Once the pictures are removed, restate the data below word for word.
#### SUPPLIED DATA ####
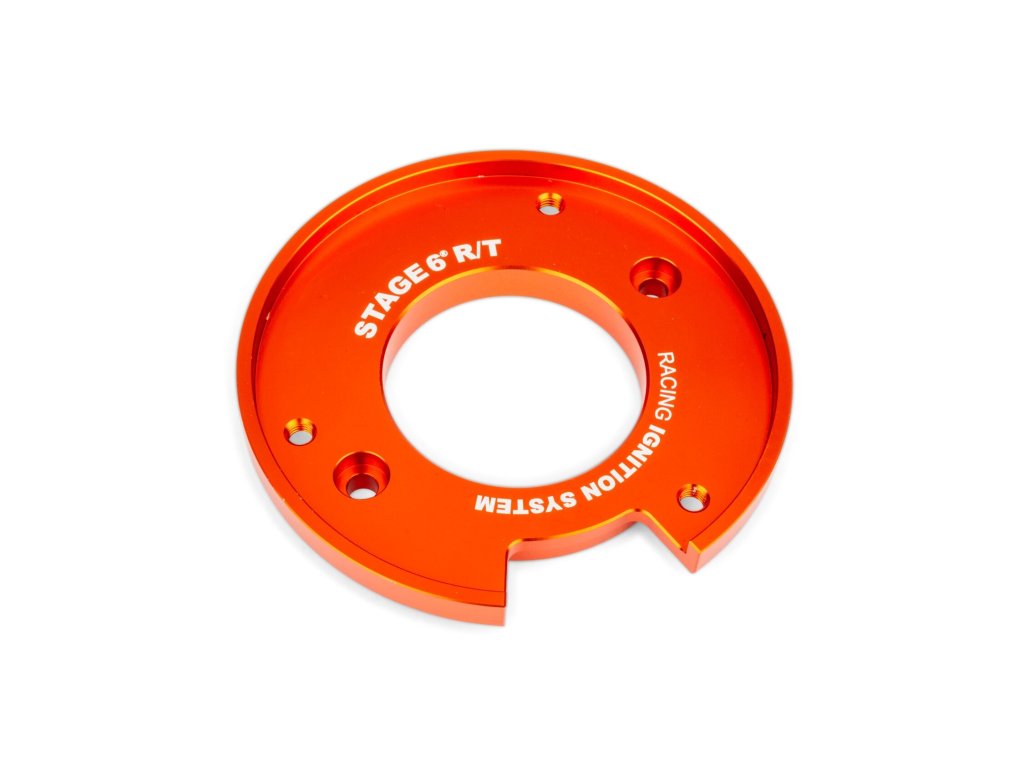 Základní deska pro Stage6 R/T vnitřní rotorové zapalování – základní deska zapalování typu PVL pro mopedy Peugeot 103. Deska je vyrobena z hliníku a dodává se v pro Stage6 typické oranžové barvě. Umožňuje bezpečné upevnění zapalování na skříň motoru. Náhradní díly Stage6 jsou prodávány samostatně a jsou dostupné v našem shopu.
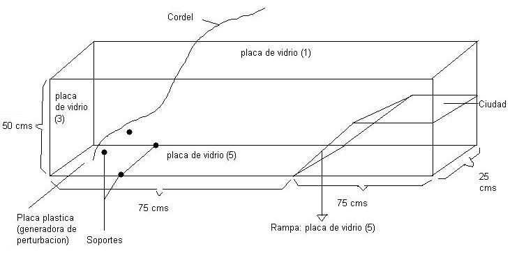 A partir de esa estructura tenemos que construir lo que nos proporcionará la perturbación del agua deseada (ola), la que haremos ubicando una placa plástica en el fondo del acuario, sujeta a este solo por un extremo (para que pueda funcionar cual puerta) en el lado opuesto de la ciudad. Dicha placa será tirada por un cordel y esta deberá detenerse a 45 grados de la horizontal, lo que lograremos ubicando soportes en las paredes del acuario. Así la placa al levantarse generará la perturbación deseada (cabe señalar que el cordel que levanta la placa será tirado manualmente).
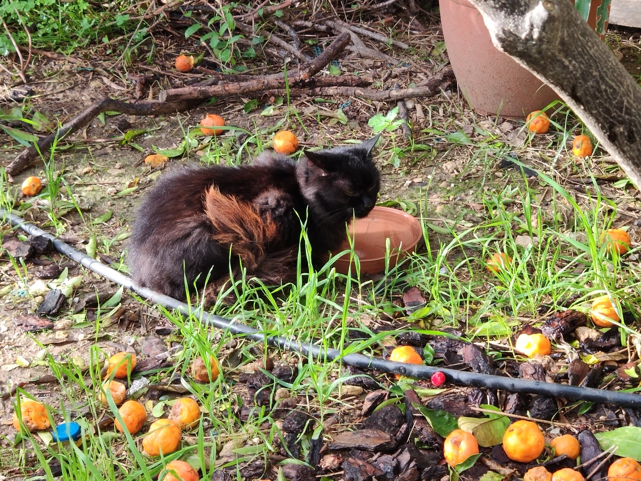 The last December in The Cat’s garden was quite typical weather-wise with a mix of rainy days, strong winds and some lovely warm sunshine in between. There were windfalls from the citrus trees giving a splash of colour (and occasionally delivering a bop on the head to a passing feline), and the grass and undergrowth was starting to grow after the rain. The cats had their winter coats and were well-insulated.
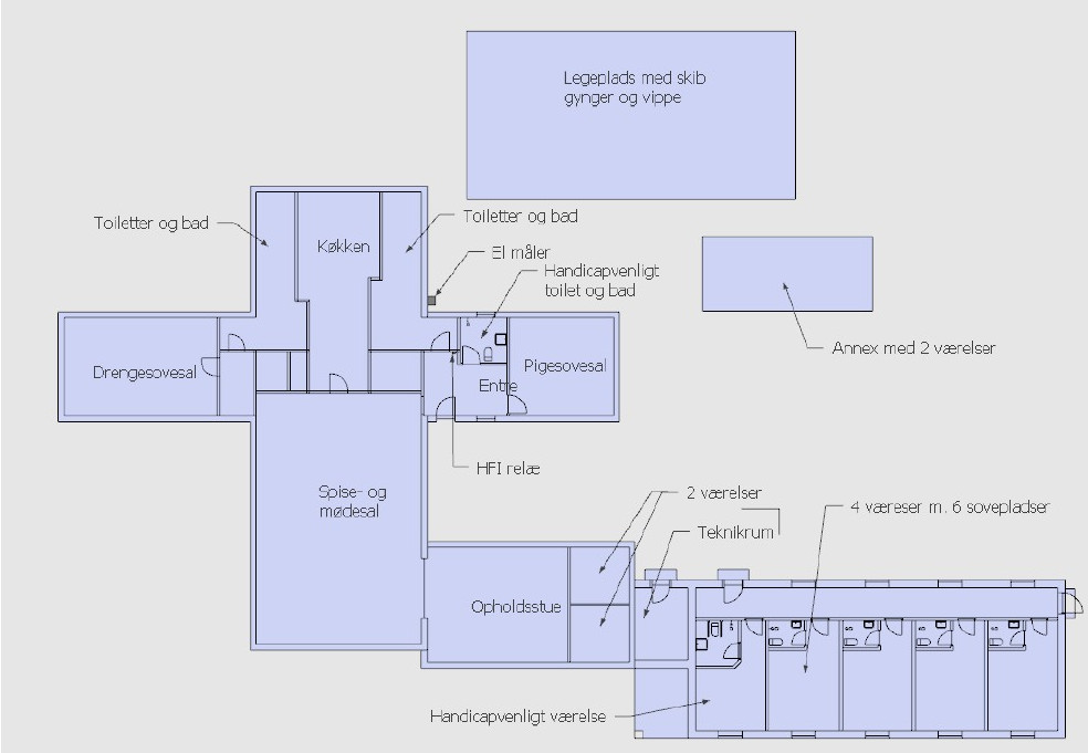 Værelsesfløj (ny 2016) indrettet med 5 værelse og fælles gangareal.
####
### TASK SOLUTION
 Základní deska pro Stage6 R/T vnitřní rotorové zapalování – základní deska zapalování typu PVL pro mopedy Peugeot 103. Deska je vyrobena z hliníku a dodává se v pro Stage6 typické oranžové barvě. Umožňuje bezpečné upevnění zapalování na skříň motoru. Náhradní díly Stage6 jsou prodávány samostatně a jsou dostupné v našem shopu.
 A partir de esa estructura tenemos que construir lo que nos proporcionará la perturbación del agua deseada (ola), la que haremos ubicando una placa plástica en el fondo del acuario, sujeta a este solo por un extremo (para que pueda funcionar cual puerta) en el lado opuesto de la ciudad. Dicha placa será tirada por un cordel y esta deberá detenerse a 45 grados de la horizontal, lo que lograremos ubicando soportes en las paredes del acuario. Así la placa al levantarse generará la perturbación deseada (cabe señalar que el cordel que levanta la placa será tirado manualmente).
 The last December in The Cat’s garden was quite typical weather-wise with a mix of rainy days, strong winds and some lovely warm sunshine in between. There were windfalls from the citrus trees giving a splash of colour (and occasionally delivering a bop on the head to a passing feline), and the grass and undergrowth was starting to grow after the rain. The cats had their winter coats and were well-insulated.
 Værelsesfløj (ny 2016) indrettet med 5 værelse og fælles gangareal.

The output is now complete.